Assignment: Please set down exactly the lines of the listing below from the line containing "Chalice Well Peace Gardens" through the line containing "Photo below: Cabrini", both lines included, leaving out all other lines.

== Input for this task

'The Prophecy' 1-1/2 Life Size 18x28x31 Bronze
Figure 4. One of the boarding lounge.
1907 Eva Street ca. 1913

====
== Input for this task

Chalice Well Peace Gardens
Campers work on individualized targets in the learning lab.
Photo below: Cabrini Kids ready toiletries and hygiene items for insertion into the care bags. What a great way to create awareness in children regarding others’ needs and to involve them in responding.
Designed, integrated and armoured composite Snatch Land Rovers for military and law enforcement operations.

====

Expected output:
Chalice Well Peace Gardens
Campers work on individualized targets in the learning lab.
Photo below: Cabrini Kids ready toiletries and hygiene items for insertion into the care bags. What a great way to create awareness in children regarding others’ needs and to involve them in responding.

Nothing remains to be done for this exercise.